### Information shown
################

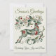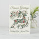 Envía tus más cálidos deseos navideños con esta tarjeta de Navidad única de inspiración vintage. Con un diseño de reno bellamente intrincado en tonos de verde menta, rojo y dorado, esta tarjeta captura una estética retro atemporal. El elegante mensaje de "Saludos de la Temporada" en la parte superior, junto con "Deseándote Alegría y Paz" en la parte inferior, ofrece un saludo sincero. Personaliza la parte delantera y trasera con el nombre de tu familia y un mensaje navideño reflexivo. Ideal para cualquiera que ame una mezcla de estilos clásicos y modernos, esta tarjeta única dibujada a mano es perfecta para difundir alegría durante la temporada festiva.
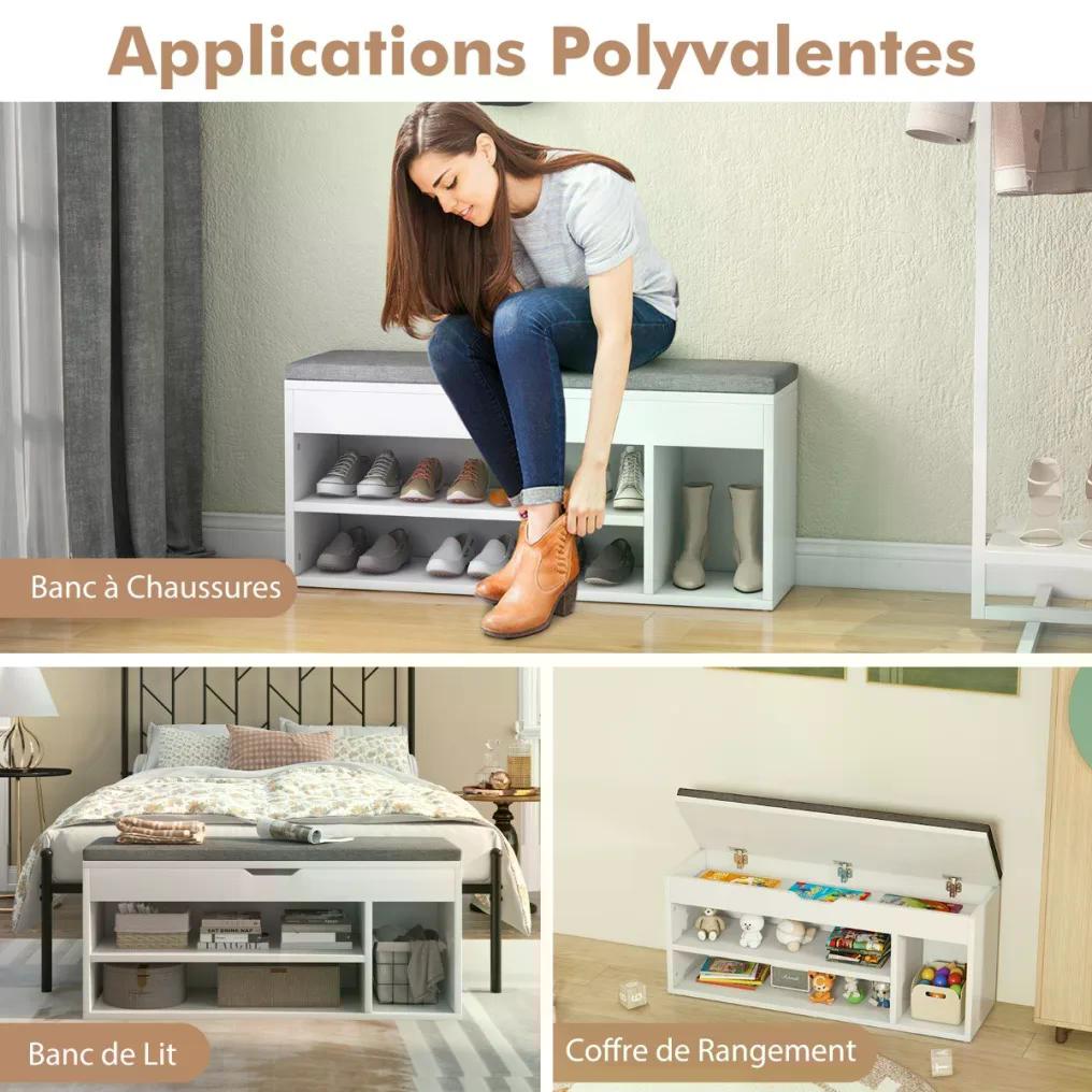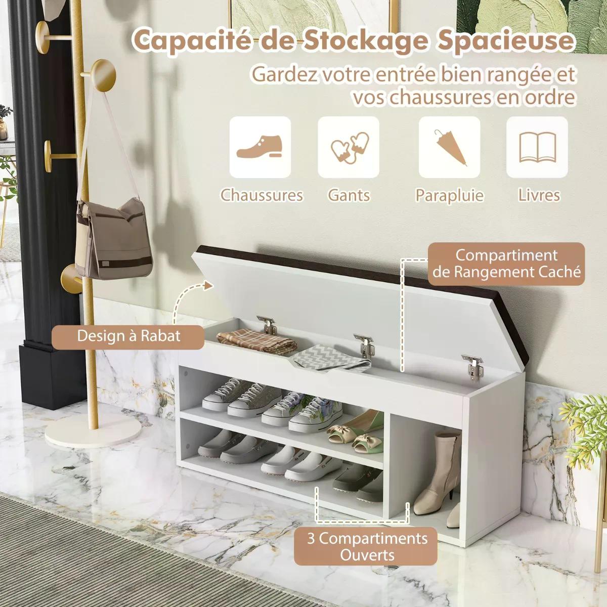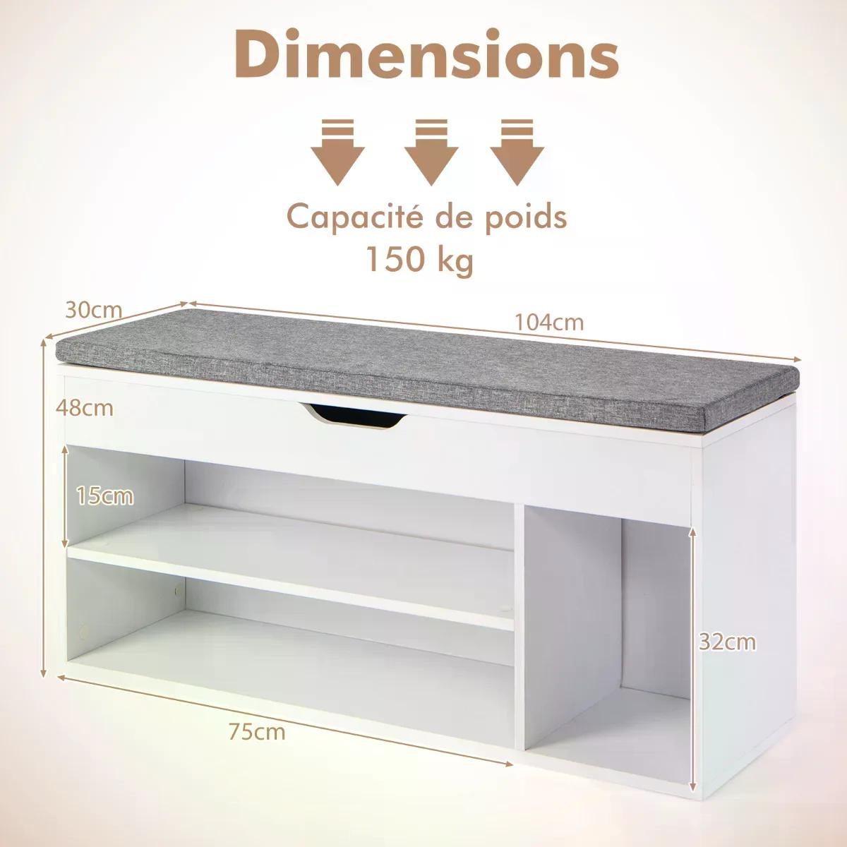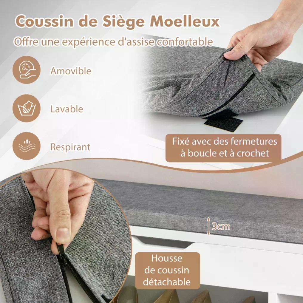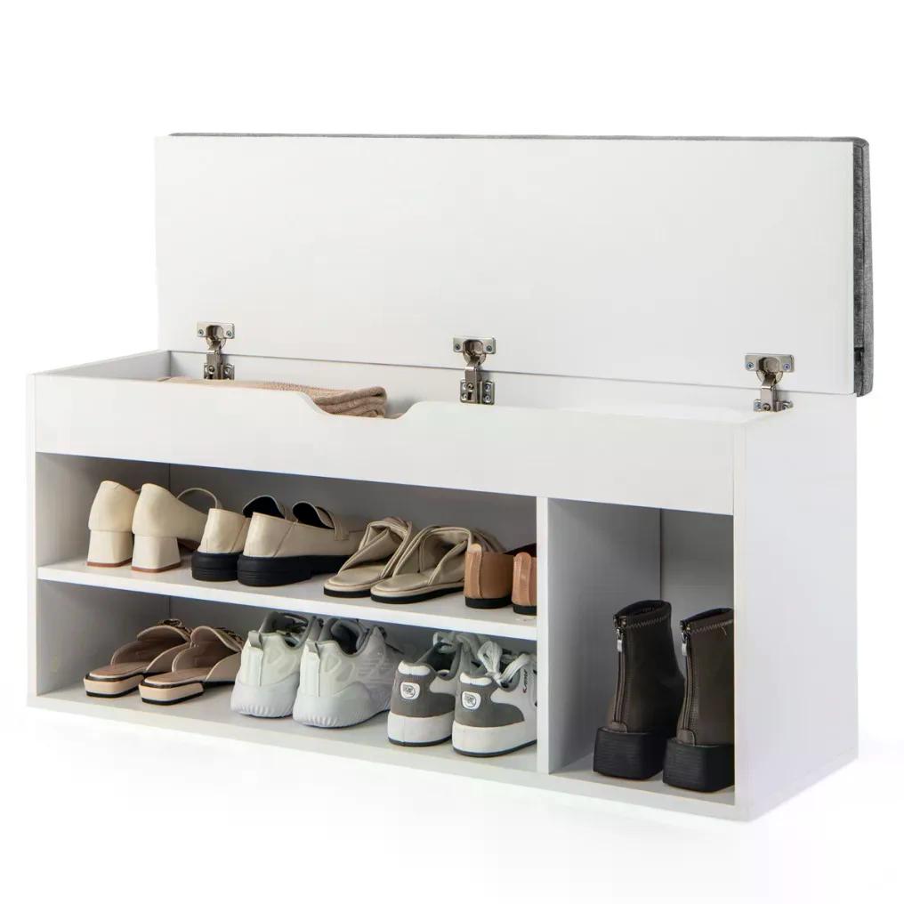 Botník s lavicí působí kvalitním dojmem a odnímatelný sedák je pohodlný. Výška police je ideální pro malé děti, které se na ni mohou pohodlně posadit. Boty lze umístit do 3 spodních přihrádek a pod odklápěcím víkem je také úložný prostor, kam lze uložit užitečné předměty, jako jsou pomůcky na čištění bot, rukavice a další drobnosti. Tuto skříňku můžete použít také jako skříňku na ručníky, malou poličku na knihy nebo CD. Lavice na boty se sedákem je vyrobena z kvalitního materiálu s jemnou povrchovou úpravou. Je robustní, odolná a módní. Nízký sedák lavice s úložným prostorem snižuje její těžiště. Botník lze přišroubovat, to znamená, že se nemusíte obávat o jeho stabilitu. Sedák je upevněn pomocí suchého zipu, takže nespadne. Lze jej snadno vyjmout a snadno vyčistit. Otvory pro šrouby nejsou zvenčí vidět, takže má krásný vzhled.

################

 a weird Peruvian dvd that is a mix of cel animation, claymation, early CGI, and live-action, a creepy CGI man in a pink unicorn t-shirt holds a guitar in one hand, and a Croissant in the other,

################

### Task
Copy nothing but the lines above that run from the one with "Envía tus más" to the one with "Botník s lavicí", ends included; pictures stay out.

### Response to this task
 Envía tus más cálidos deseos navideños con esta tarjeta de Navidad única de inspiración vintage. Con un diseño de reno bellamente intrincado en tonos de verde menta, rojo y dorado, esta tarjeta captura una estética retro atemporal. El elegante mensaje de "Saludos de la Temporada" en la parte superior, junto con "Deseándote Alegría y Paz" en la parte inferior, ofrece un saludo sincero. Personaliza la parte delantera y trasera con el nombre de tu familia y un mensaje navideño reflexivo. Ideal para cualquiera que ame una mezcla de estilos clásicos y modernos, esta tarjeta única dibujada a mano es perfecta para difundir alegría durante la temporada festiva.
 Botník s lavicí působí kvalitním dojmem a odnímatelný sedák je pohodlný. Výška police je ideální pro malé děti, které se na ni mohou pohodlně posadit. Boty lze umístit do 3 spodních přihrádek a pod odklápěcím víkem je také úložný prostor, kam lze uložit užitečné předměty, jako jsou pomůcky na čištění bot, rukavice a další drobnosti. Tuto skříňku můžete použít také jako skříňku na ručníky, malou poličku na knihy nebo CD. Lavice na boty se sedákem je vyrobena z kvalitního materiálu s jemnou povrchovou úpravou. Je robustní, odolná a módní. Nízký sedák lavice s úložným prostorem snižuje její těžiště. Botník lze přišroubovat, to znamená, že se nemusíte obávat o jeho stabilitu. Sedák je upevněn pomocí suchého zipu, takže nespadne. Lze jej snadno vyjmout a snadno vyčistit. Otvory pro šrouby nejsou zvenčí vidět, takže má krásný vzhled.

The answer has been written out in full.